● Exercise instructions
Send back the line that contains "Realhomes Mermer Zemin" and all lines following it through the end of the data below, exactly, omitting pictures.

Records from a data source:
Segment Open

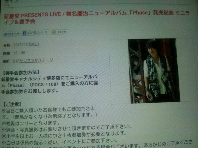 見にくいですねm(。_。)m見つけちゃいました。。11月3日(日)15時〜☆。。キャナルCITY博多で椎名慶治サンのミニライ部&握手会が あります!!詳しくわ キャナルのホームページで!!─=≡Σ((( っ'∀')っいつかこんな風に May'nチャンも キャナルCITY博多で ライ部やって欲しいなぁ─=≡Σ((( っ'∀')っ希望☆。。土曜日なら 椎名慶治サンに 逢いに行けたのに(;´д`)残念…紅葉家族旅行やから(微笑)
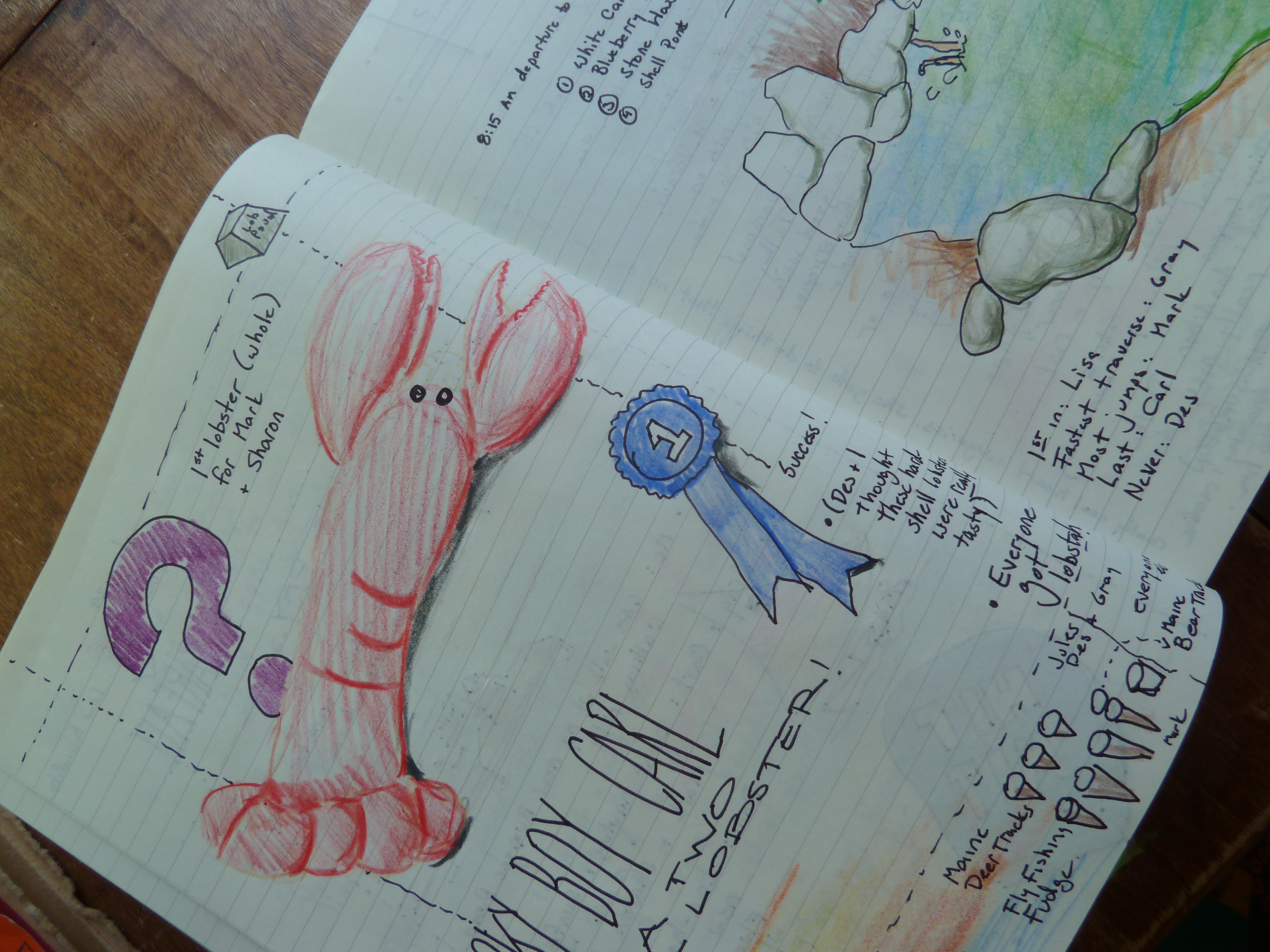On the personal side, I create visual journals of my travels. In fact, I am writing this post while on a family vacation in Maine. Here is photo of a spread from this week’s journal. It’s not at all professional, but I am recording the “trends” and history of my family. I know there are more contemporary ways to do this (using Instagram or Pinterest or a travel app) but I love to sit and draw or cut and paste when we are all together.
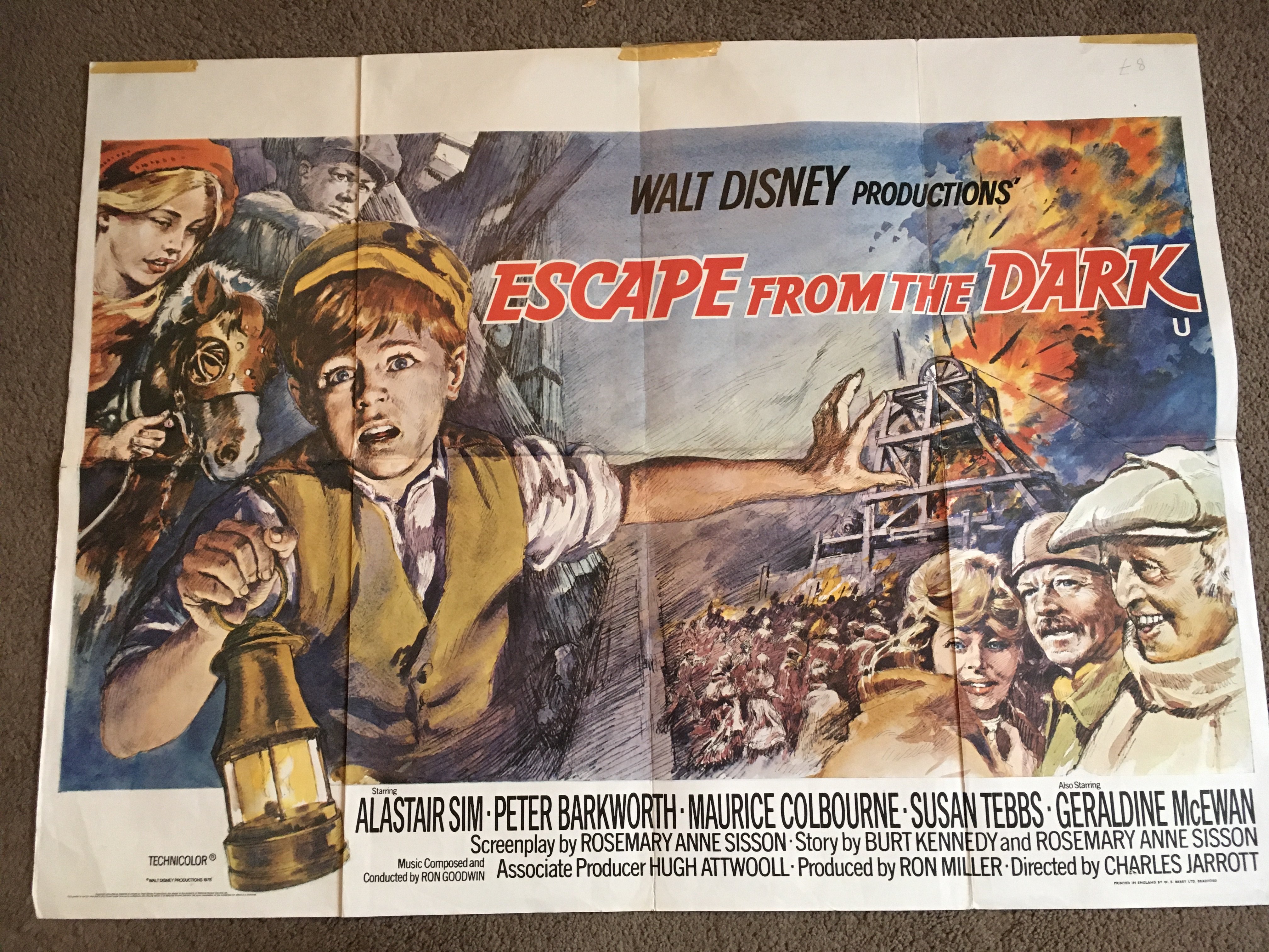 A UK quad film poster for 'Escape From The Dark', sellotape residue in corners and top centre, approx 101cm x 76cm.
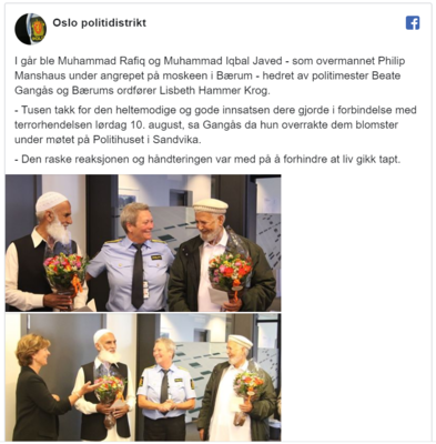 De to ble hedret av politimester Beate Gangås og ordfører Lisbeth Hammer Krogh under et møte på Politihuset i Sandvika like etter terrorangrepet. – Det er ikke tvil om at den raske og kontante inngripen fra dem som var i moskeen, har stoppet gjerningspersonen og dermed hindret ytterligere konsekvenser. Det er ikke ufarlig å gripe inn mot en bevæpnet person, og de har vist stort mot, sa enhetsleder i Oslo-politiet Rune Skjold til NRK etter angrepet.
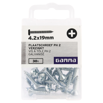 Met Gamma zelftappers bevestigd u eenvoudig plaatmaterialen en plastic panelen op hout. Een zelftapper snijdt zijn eigen schroefdraad als deze wordt ingeschroefd. Deze 4,2X19 Verzinkt zelftapper heeft een lenskop voor een eenvoudige bevestiging. De vorm van deze kop laat een mooie afwerking zien. Zelftappers worden ook carrosserie schroef en carrosserie plaatschroef genoemt.
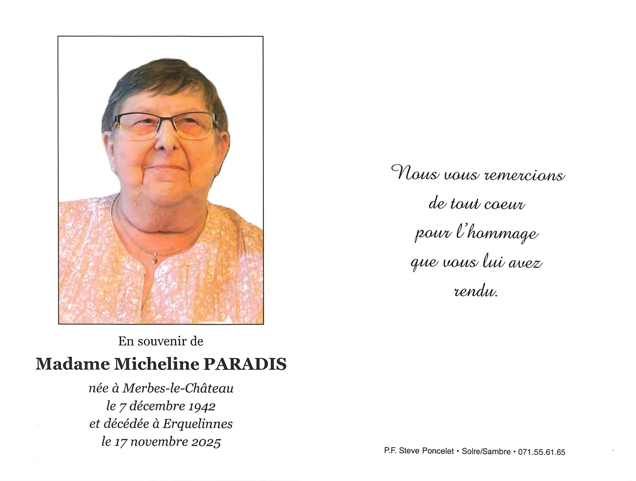 Fallecida en Erquelinnes (6560, Bélgica) el lunes, 17 de noviembre de 2025 a la edad de 82 años
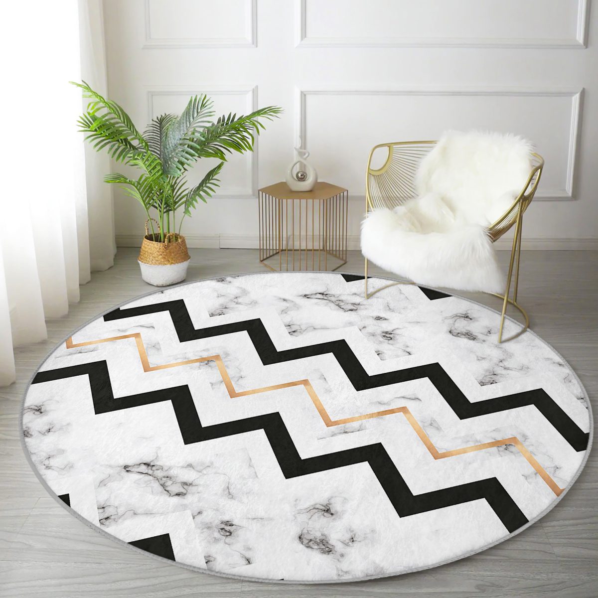 Realhomes Mermer Zemin Geometrik Zigzag Tasarımlı Siyah Ofis Yıkanabilir Kaymaz Tabanlı Yuvarlak Halı
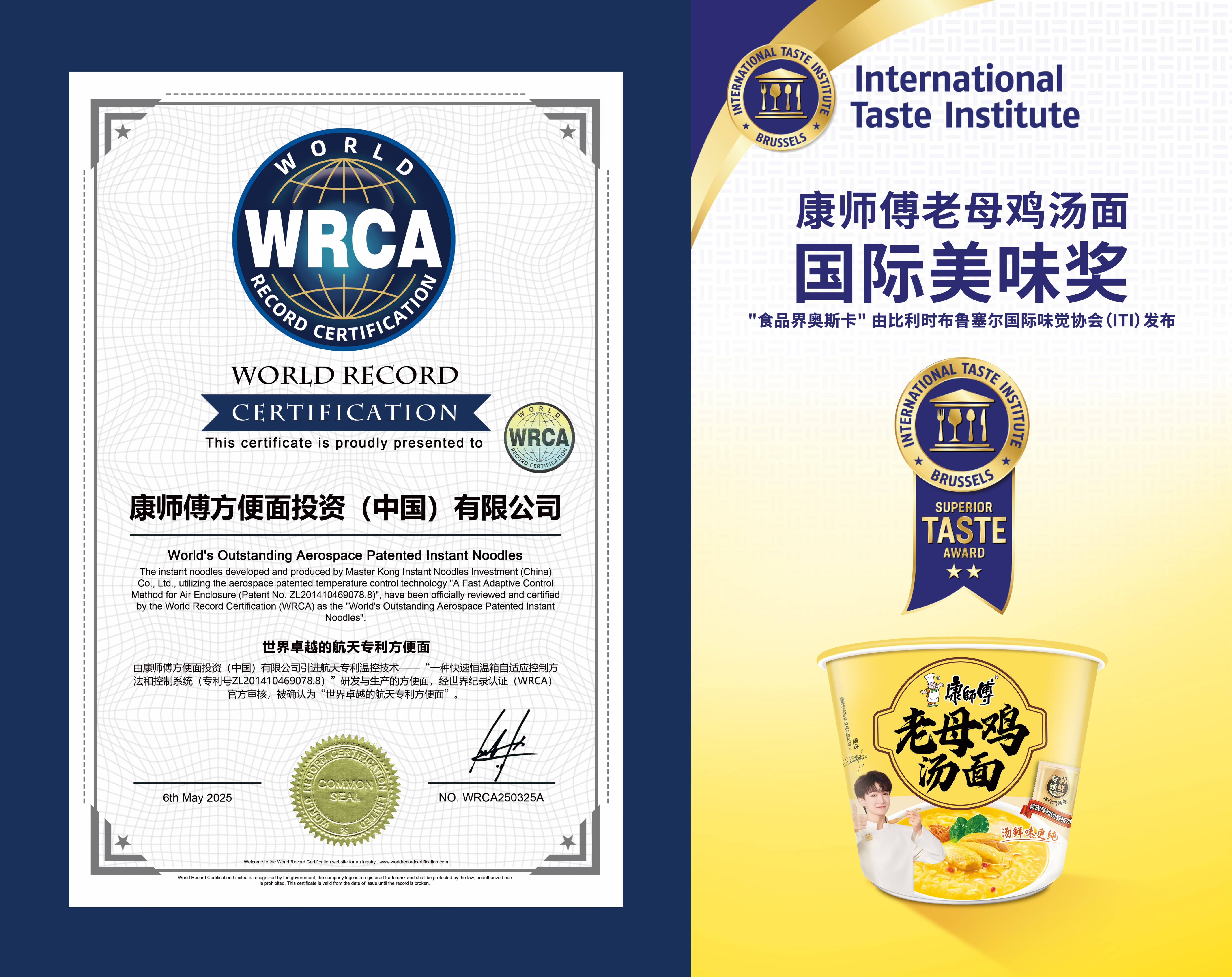 WRCA认证“世界,的航天专利方便面”\老母鸡汤面获得国际美味奖

Segment Closed

● Completed exercise
 Realhomes Mermer Zemin Geometrik Zigzag Tasarımlı Siyah Ofis Yıkanabilir Kaymaz Tabanlı Yuvarlak Halı
 WRCA认证“世界,的航天专利方便面”\老母鸡汤面获得国际美味奖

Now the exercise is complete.